[Date Prev] [Date Next] [Thread Prev] [Thread Next] Date Index Thread Index Search archive:
Date:Wed, 10 Mar 2004 21:43:32 +0000 (UTC) 
Subject:Re: Optimisation of program using ratios 
From:A . Sloman 
Volume-ID: 

Jonathan,

> I've been implementing a Naive Bayes model for text classification in POP11.
> While I'm rather impressed with the ratio datatype (I don't recall finding
> perfect precision in the other languages I've studied), I've gotten myself
> into a problem with speed.

The indefinite precision ratios and big integers of pop11 are also
available in some lisp systems, some prologs, standard ML, and probably
also some other functional languages.

> My model iterates through the words in a piece of text, looking up the
> probability of each word for a given class, and multiplying together all the
> probabilities it looks up.  Since these are all very small probabilities, by
> the time its finished the final probability is very very small - in fact if
> I print it, it fills the an 80 x 30 screen!  From this I presume that each
> time it is used in a calculation, the memory manipulation going on must be
> enormous.  Is this the case?

If you are using ratios rather than decimals, then every new ratio
occupies a data-structure allocated from the heap, whose size can indeed
grow as precision increases (though pop11 always reduces ratios to their
lowest common terms. (See REF NUMBERS)

Your program may be getting slow because the individual ratios are huge
or because you are producing them very frequently causing lots of
garbage collections, or both.

If the problem is only garbage collections then you can try increasing
the value of popmemlim to reduce the frequency of garbage collections.
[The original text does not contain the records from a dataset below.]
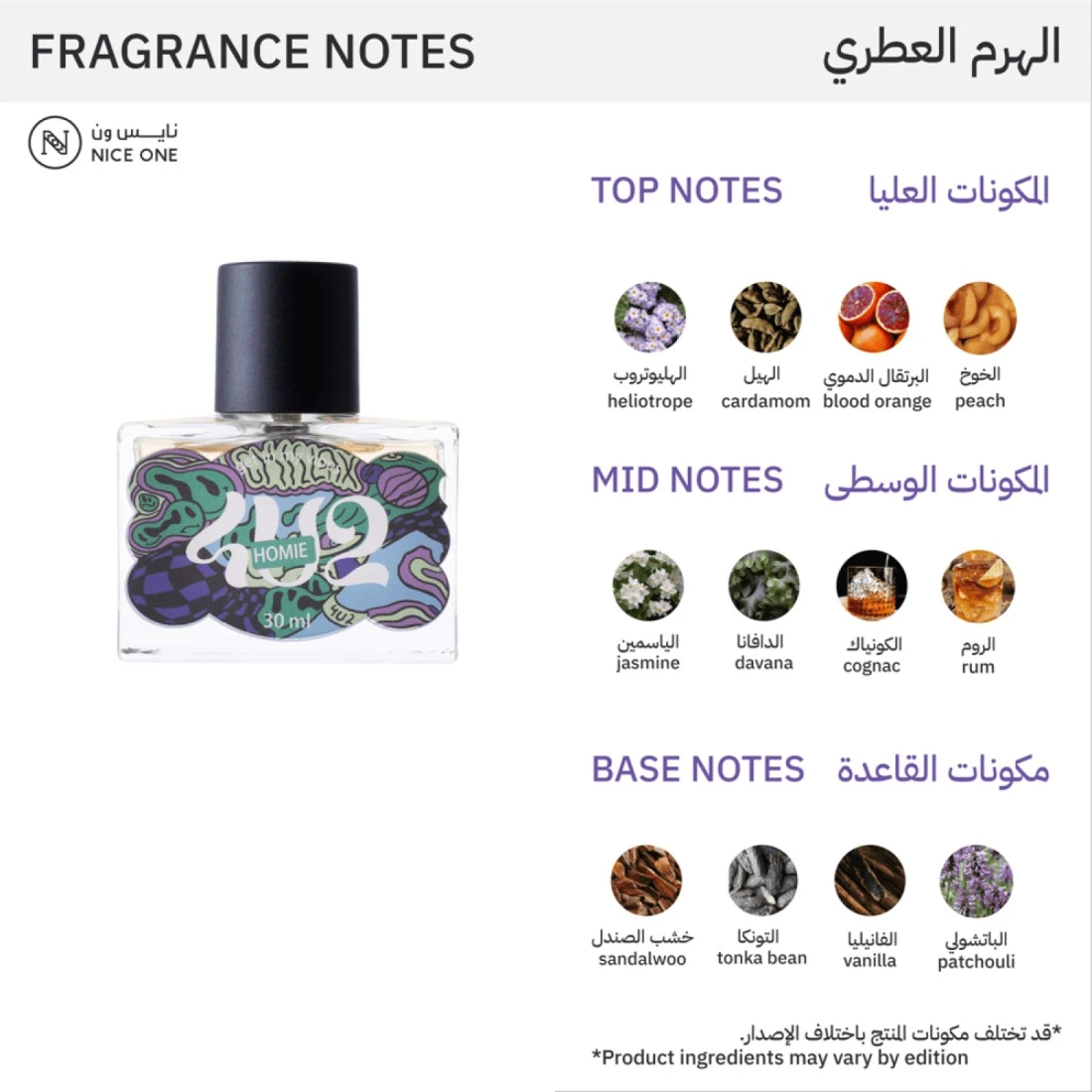 عطر هومي للجسم والشعر من فور يو تو رائحة جذابة منعشةعطر الجسم والشعر يمنحك رائحة جذابة تدوم طوال اليوم.رائحة غنية ومميزة مع نغمات خشبية وراتنجية بالإضافة إلى أنها لطيفة ومغرية.يمكن استخدامه للجسم والشعر فهو آمن وذو رائحة غنية فواحة.تبدأ رائحة العطر بالخوخ والبرتقال الدموي والهيل و الهليوتروب.بينما قلب العطر مكون من مزيج من الروم والكونياك والدافانا والياسمين.محاط برائحة القاعدة المكونة من أوراق الباتشولي الإندونيسي والفانيليا والتونكا وخشب الصندل والجاوي والكاشميران واللابدانوم ونجيل الهند.
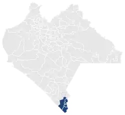 The Twelfth District of Chiapas is located in the extreme south of the state and comprises the municipalities of Frontera Hidalgo, Metapa, Suchiate, Tuxtla Chico and three-quarters of the municipality of Tapachula (the northern quarter of that municipality is in the Eleventh District).[1]
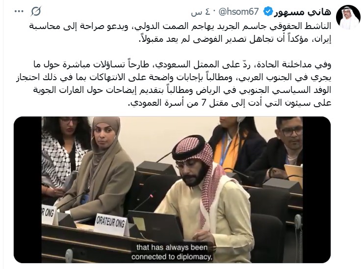 وجاء هذا التصعيد عبر فعاليات مجلس حقوق الإنسان التابع للأمم المتحدة المنعقد في جنيف، حيث أُطلقت حملة إعلامية وحقوقية واسعة شارك فيها ناشطون خليجيون ويمنيون محسوبون على أبوظبي.
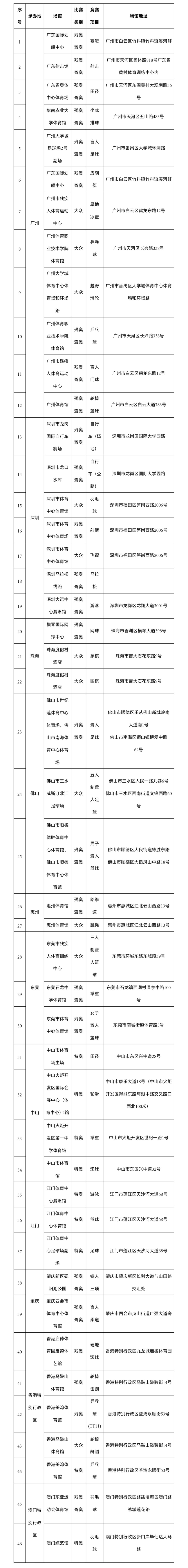 全国第十二届残疾人运动会暨第九届特殊奥林匹克运动会比赛场馆分布
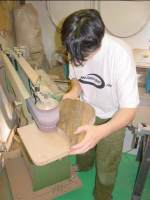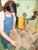 , Grégoire, à la ponceuse à bande, va
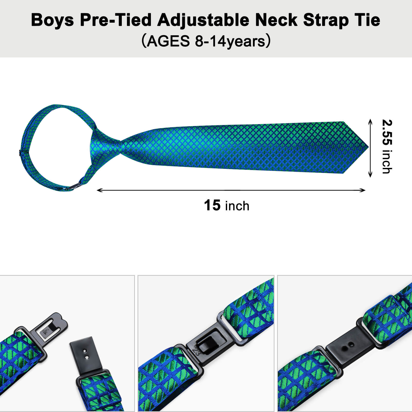 【Classic Size】Tie size:2.55 inches Wide and 15 inches from Knot to Bottom , Pocket Square size: 7.87 x 7.87 inches. Pre-tied boy's tie is suitable for 8-14 -year-old boys

E.g. If you think your machine typically has 400 Mbytes of memory unused
(= 100 Mwords on a 32 bit machine or 50 Mwords on a 64 bit machine (Dec
Alpha) you can try increasing) then you could try increasing popmemlim
to half the number of words, e.g. 50000000. (The default is much
lower, which is fine for many learners.)

If you increase it too much you may end up causing paging and swapping
during garbage collections. This can be reduced by switching to the
non-copying garbage collector (make pop_gc_copy false). See
HELP EFFICIENCY.

I don't know what your project is, but it may be that using ratios
rather than decimals gives you overkill in precision.

I think there are quite a lot of experts in these things at Sussex.

Aaron